10 Le 13 août 2019, la demanderesse a formé un recours contre la décision attaquée, demandant que celle-ci soit annulée dans son intégralité. Le mémoire exposant les motifs du recours a été reçu le même jour.
11 Dans son mémoire en réponse reçu le 6 décembre 2019, l’opposante a demandé que le recours soit rejeté.
Moyens et arguments des parties
12 La demanderesse demande que la décision attaquée soit rejetée et que la marque demandée soit enregistrée pour tous les produits visés par la demande, en particulier tous les produits contestés, et que l’opposante supporte les frais. Le mémoire exposant les motifs du recours peut être résumé, en substance, comme suit:
– L’opposante n’a pas prouvé l’usage sérieux de la marque antérieure pour les produits pertinents.
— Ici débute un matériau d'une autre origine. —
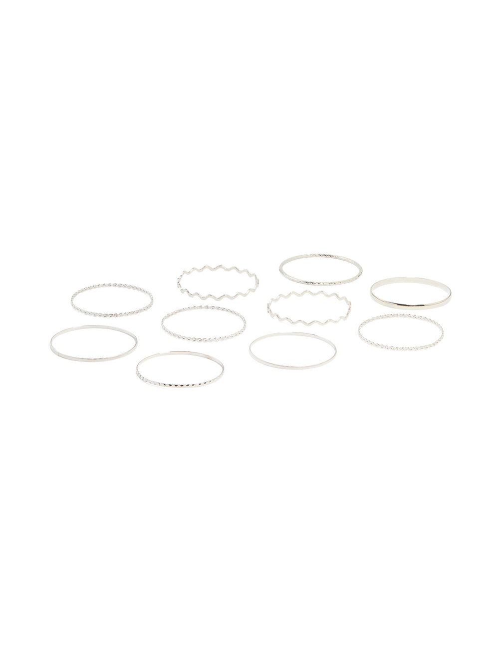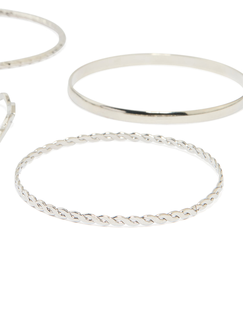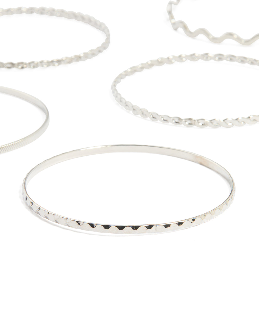 Stack up the style with this Silver Rope & Textured Bangles Pack. This bangle pack includes a mix of thin ribbed bangles, molten textured designs, twisted rope bangles, wavy shapes, and one smooth bangle, all crafted in a polished silver-tone finish. Whether you're dressing up for a night out or adding flair to your everyday outfits, this variety pack has you covered. Perfect for layering or wearing solo, these bangles let you mix and match to suit your mood. Pair them with a flowing maxi dress for boho vibes or a tailored blazer for a sleek, modern look. Lightweight yet eye-catching, this jewellery set is ideal for everything from brunch dates to evening events.
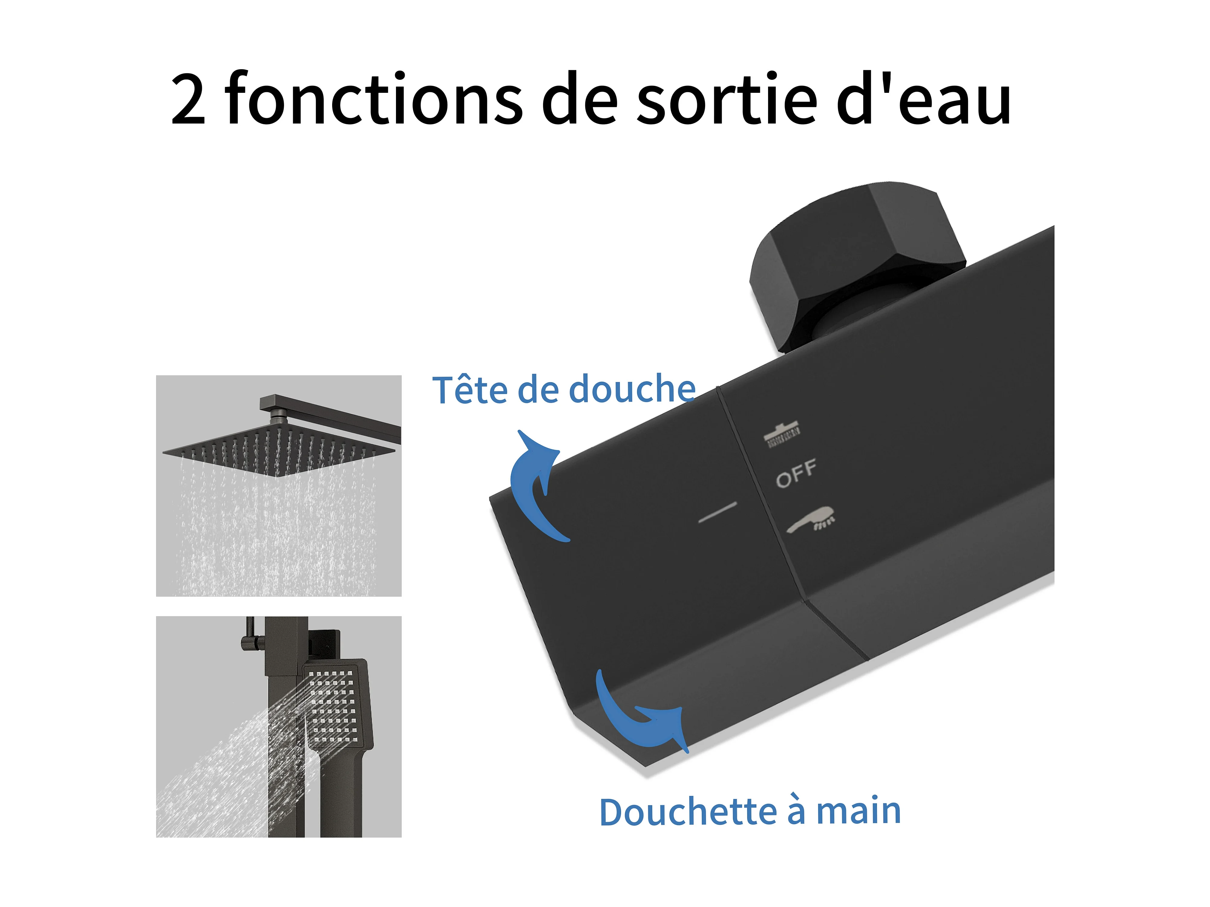 AICA colonne de douche thermostatique noir mat avec douche de tête carrée, douchette ronde à 3 jets, réglable en hauteur

– Quant aux produits en cause, une analyse de leur nature, de leur destination, de leur utilisation, de leur complémentarité, de leur caractère concurrent, de leurs canaux de distribution, du marché pertinent et du public pertinent, ainsi que de leur origine et de leur emballage, permet de conclure qu’ils ne sont pas similaires.
– Le public pertinent des produits désignés par les marques en cause n’est pas identique, outre le fait qu’ils sont principalement composés de professionnels et font preuve d’un niveau d’attention plus élevé. Il s’agit de consommateurs qui ne sont pas facilement induits en erreur.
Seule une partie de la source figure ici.